A China, potência consolidada e epicentro da produção global em diversos setores, tem acompanhado esta evolução sem sinais de grande preocupação. Consciente da sua posição estratégica como peça-chave no comércio mundial, o impacto das tarifas impostas pelos EUA tem sido, até agora, limitado no seu crescimento económico. A economia chinesa, pela sua escala e influência, parece absorver as tensões comerciais sem grandes oscilações, tal como acontece com a maioria dos acontecimentos que abalam a economia global.

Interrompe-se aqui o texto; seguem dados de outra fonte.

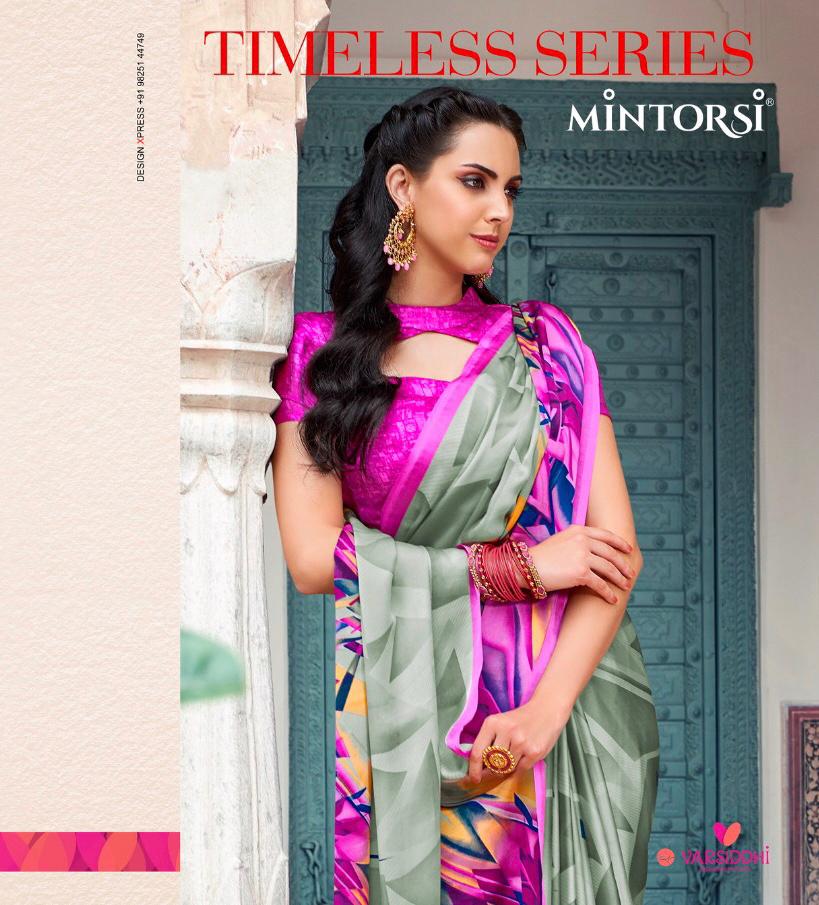 Timeless Series By Mintorsi 7301 Series Satin Georgette Printed Saree Catlog Wholesale Dealer And Supplier Surat

Já a Europa, pressionada por desafios internos e pela instabilidade da guerra no Leste, tem respondido com uma diplomacia cautelosa. Sem ameaçar diretamente a estratégia protecionista dos EUA, e sem uma voz única capaz de definir um posicionamento forte, a resposta do Velho Continente tem sido pautada mais pela negociação e cedência do que pela retaliação.
Numa guerra de blocos económicos, no entanto, os números não podem ser ignorados. A globalização criou uma rede de interdependência entre os Estados Unidos, a China e a Europa. Os EUA são a economia que mais bens importa, enquanto a China representa cerca de 20% das importações da União Europeia. Por outro lado, os Estados Unidos continuam a ser o maior destino das exportações europeias. Em 2023, as exportações de bens da UE para os EUA totalizaram 502,3 mil milhões de euros, enquanto as importações da UE provenientes dos EUA chegaram a 346,5 mil milhões de euros, reforçando a importância desta relação comercial.

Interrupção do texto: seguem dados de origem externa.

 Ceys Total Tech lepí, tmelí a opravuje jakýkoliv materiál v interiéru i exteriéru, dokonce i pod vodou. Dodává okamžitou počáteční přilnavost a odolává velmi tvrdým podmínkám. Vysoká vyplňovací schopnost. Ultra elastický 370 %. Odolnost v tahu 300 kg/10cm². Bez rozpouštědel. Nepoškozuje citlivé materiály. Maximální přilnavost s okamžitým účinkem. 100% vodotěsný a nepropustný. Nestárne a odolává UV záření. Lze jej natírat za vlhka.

Estes números evidenciam que, apesar das tentativas dos EUA de reforçar a sua posição através de tarifas e medidas protecionistas, a sua economia continua altamente dependente dos seus parceiros comerciais – tanto quanto estes dependem dela.
Neste contexto previsível, a China continua a consolidar-se como potência industrial dominante, enquanto a Europa, muitas vezes dividida nas suas respostas, procura equilibrar os seus interesses sem se tornar refém de nenhuma das partes, embora inevitavelmente dependa de ambas.
O verdadeiro desafio para a nova administração norte-americana será encontrar um equilíbrio entre a reafirmação do seu poder económico e o reconhecimento de que, num mundo globalizado, a imposição de tarifas não substitui a necessidade de cooperação. Nesta batalha pela (re)centralização dos polos do comércio mundial, os EUA terão de navegar entre a necessidade de se “reerguer” – e repensar a sua dívida – e o risco de se tornarem um “mestre sem discípulos”, isolando-se numa economia cada vez mais interligada e multipolar.